On one level, it does. While our family lives in a neighborhood, and our daughter attends a school, where we are affirmed for the most part, I am nonetheless aware that many people in the world actively disapprove of gay and lesbian parents. Sometimes I am reminded of this in small ways – little comments, odd questions – and other times it is with all the subtlety of a punch to the gut. So when studies like this one come along, I find myself wanting to wave it in front of the opponents of gay and lesbian parenting and shout HA!
The study posits a few reasons why lesbian moms might be raising especially well-adjusted kids. One of them is that lesbian moms tend to have a high level of involvement in their kids' lives. We communicate with our kids. We spend time and energy on finding and creating social spaces where our kids will feel accepted. We are active at their schools. We show up. This is at least partly because we are often concerned about fending off any potential discrimination that our children might face because they have lesbian moms. (This is a real concern; the study also reported that 41% of the kids surveyed had experienced teasing or discrimination because of their parents' sexual orientation).
All of this is good. By and large, lesbian moms (and, I would wager, gay dads) are active, involved, engaged parents who made very thoughtful (and in our case, ridiculously time-consuming) decisions about becoming parents in the first place. This is reflected in our approach to parenting.

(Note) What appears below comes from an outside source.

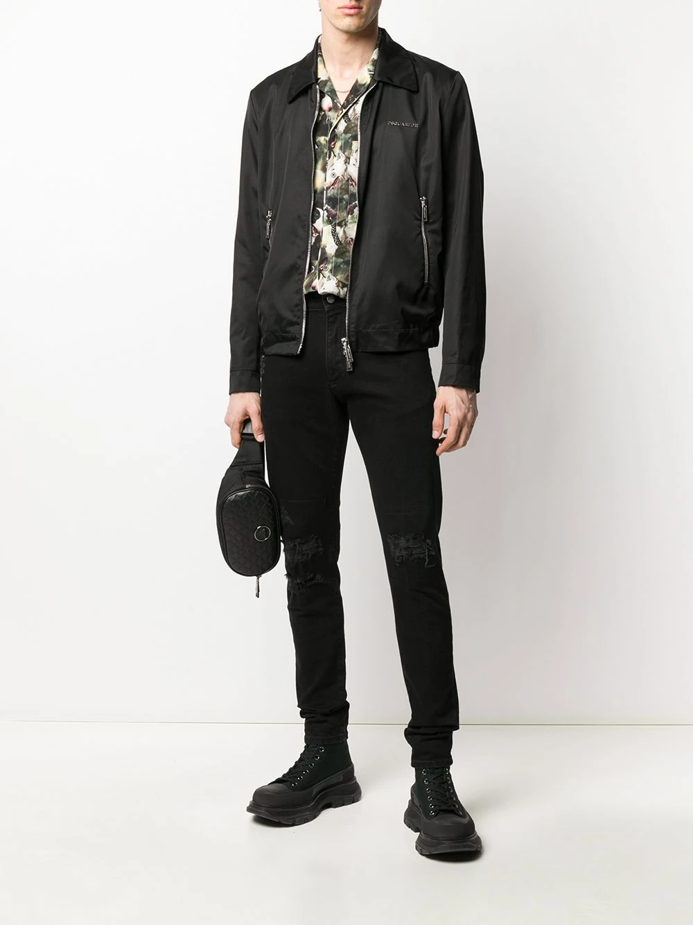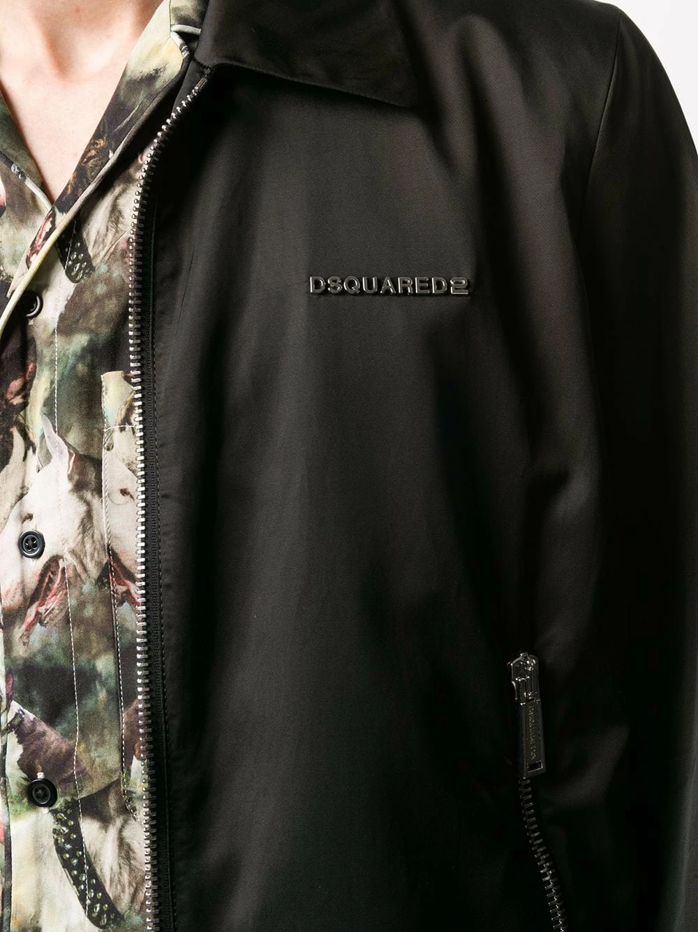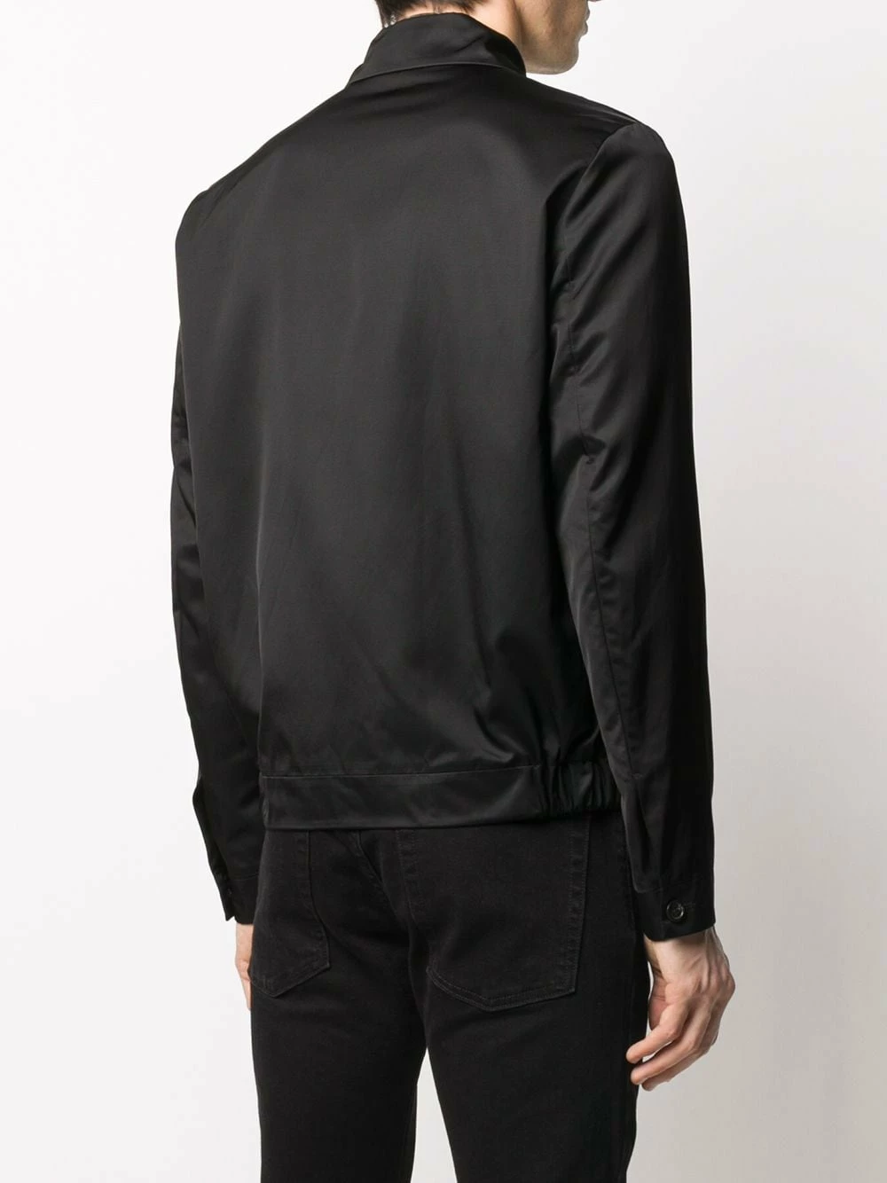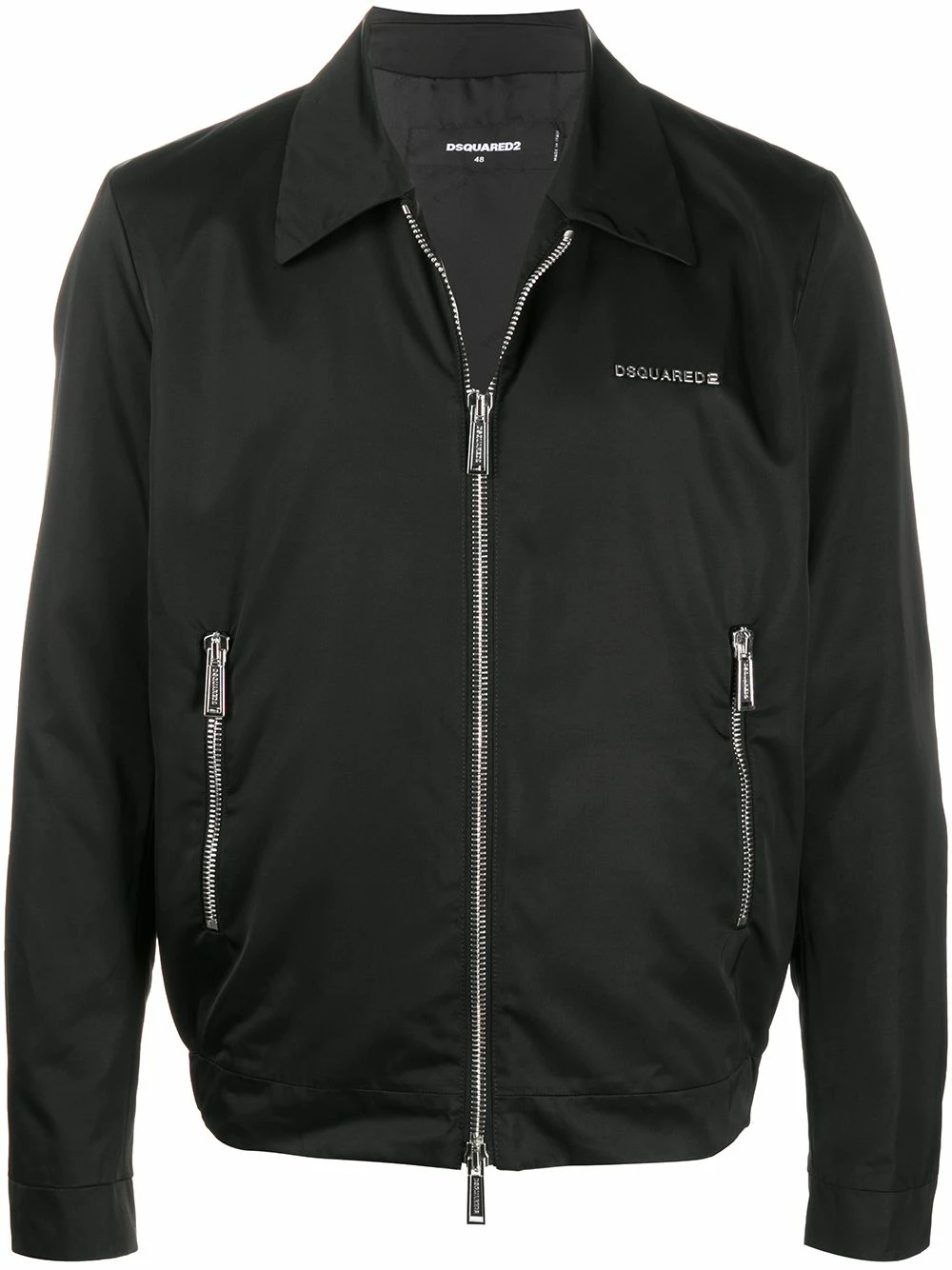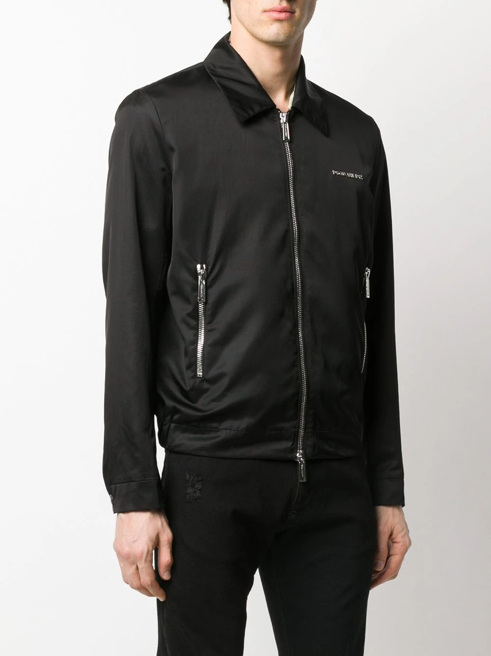 Logo argenté, col classique, fermeture zippée devant, deux poches zippées, manches longues, poignets boutonnés. Couleur : noir. Matière : COTON MÉLANGÉ.

At the same time, studies like this one leave me with a little bit of concern, like a nagging scratchiness. And here's why: it's my sense that – sometimes – studies that show our kids are doing great and, in some ways, better, can make it tough for families with gay and lesbian parents to admit when they do face problems. If the kids of lesbian parents are doing better overall, what does it mean if your kid is having a tough time? Is it because something's terribly wrong? Because you've really screwed up? Or is it because we're all human and sometimes we do well, sometimes we do better, and sometimes we fall?
Don't get me wrong. I think it's awesome that the kids of lesbian parents are, overall, self-confident and not beset with behavior problems. Those are my goals for my daughter, too. And, I hope, it is this very self-confidence that will help our kids – all the children of gay men and lesbians – to ask for help when the road gets rough.